1 Quando Abram ebbe novantanove anni, il Signore gli apparve e gli disse: «Io sono Dio onnipotente: cammina davanti a me e sii integro.

2 Stipulerò un patto tra me e te e ti renderò numeroso molto, molto». Subito Abram si prostrò con il viso a terra e Dio parlò con lui:

4 «Eccomi: il mio patto è con te e sarai padre di una moltitudine di popoli.

5 Non ti chiamerai più Abram [grande padre, patriarca] ma ti chiamerai Abraham [Padre dei popoli] perché padre di una moltitudine di popoli ti renderò.

6 E ti renderò molto, molto fecondo; ti farò diventare nazioni e da te nasceranno dei re.

7 Stabilirò il mio patto con te e con la tua discendenza dopo di te di generazione in generazione, come accordo perenne, per essere il Dio tuo e della tua discendenza dopo di te.

8 Darò a te e alla tua discendenza dopo di te il paese dove sei straniero, tutto il paese di Canaan in possesso perenne; sarò il vostro Dio».

9 Dio disse ad Abramo: «Da parte tua devi essere fedele al patto, tu e la tua discendenza dopo di te di generazione in generazione.

10 Questo è il mio patto che dovete osservare, patto tra me e voi e la tua discendenza dopo di te: sia circonciso tra di voi ogni maschio [la circoncisione è un uso antichissimo dei semiti occidentali, inizialmente era un rito di iniziazione al matrimonio].

11 Vi lascerete circoncidere la carne del vostro membro e ciò sarà il segno del patto tra me e voi.

12 Quando avrà otto giorni, sarà circonciso tra di voi ogni maschio di generazione in generazione, tanto quello nato in casa come quello comperato con denaro da qualunque straniero che non sia della tua stirpe.

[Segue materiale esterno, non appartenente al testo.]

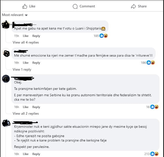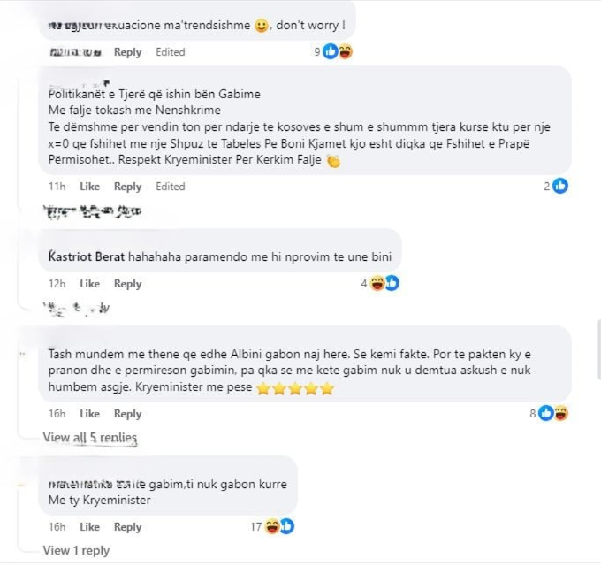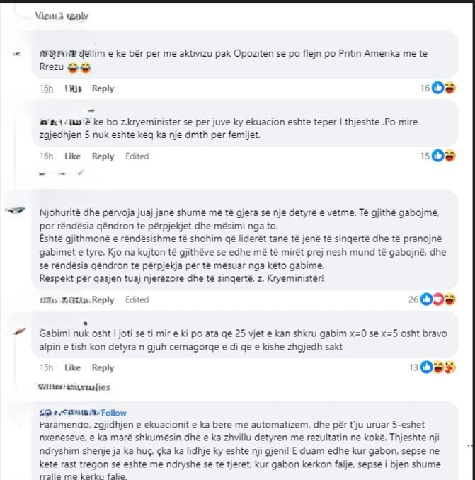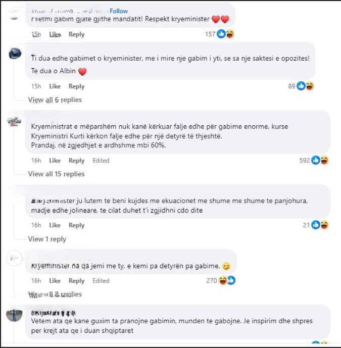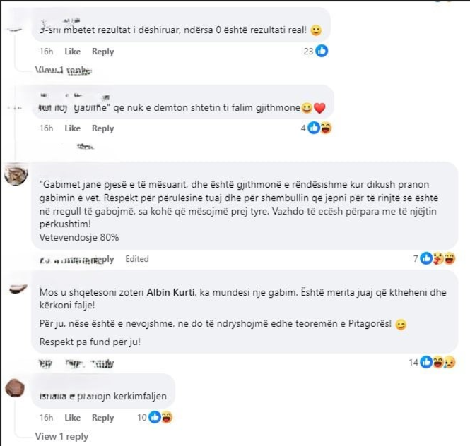“Kryeminister nuk e keni zgjidhur sakte ekuacionin mirepo jane dy mesime kyçe qe besoj ndikojne pozitivisht: Edhe njerezit ne pozita gabojne, Te njejtit nuk e kane problem ta pranojne dhe kerkojne falje. Respekt per perulesine”, “Nuk gabon kryeministri im, detyra ishte e gabuar , te paqim gjithmon o ma i madhi i vendit! 71% kysmet edhe majen e stambollit ki me fitu”, “I vetmi gabim gjate gjithe mandatit! Respekt kryeminister”, “Ti dua edhe gabimet o kryeminister, me i mire nje gabim i yti, se sa nje saktesi e opozites! Te dua o Albin”, ishin vetëm disa nga komentët e përkrahësve të zjarrtë të Kurtit.

13 Deve essere circonciso chi è nato in casa e chi viene comperato con denaro; così il mio patto sussisterà nella vostra carne come segno perenne».

15 Dio aggiunse ad Abramo: «Quanto a Sarai tua moglie, non la chiamerai più Sarai, ma Sara [principessa].

16 Io la benedirò e anche da lei ti darò un figlio; la benedirò e diventerà nazioni e re di popoli nasceranno da lei».

17 Allora Abramo si prostrò con la faccia a terra e rise e pensò: «Ad uno di cento anni può nascere un figlio? E Sara all’età di novanta anni potrà partorire?».

     L’annuncio della nascita di Isacco viene accolto da Abramo con una risata, con una battuta, con un motto di spirito.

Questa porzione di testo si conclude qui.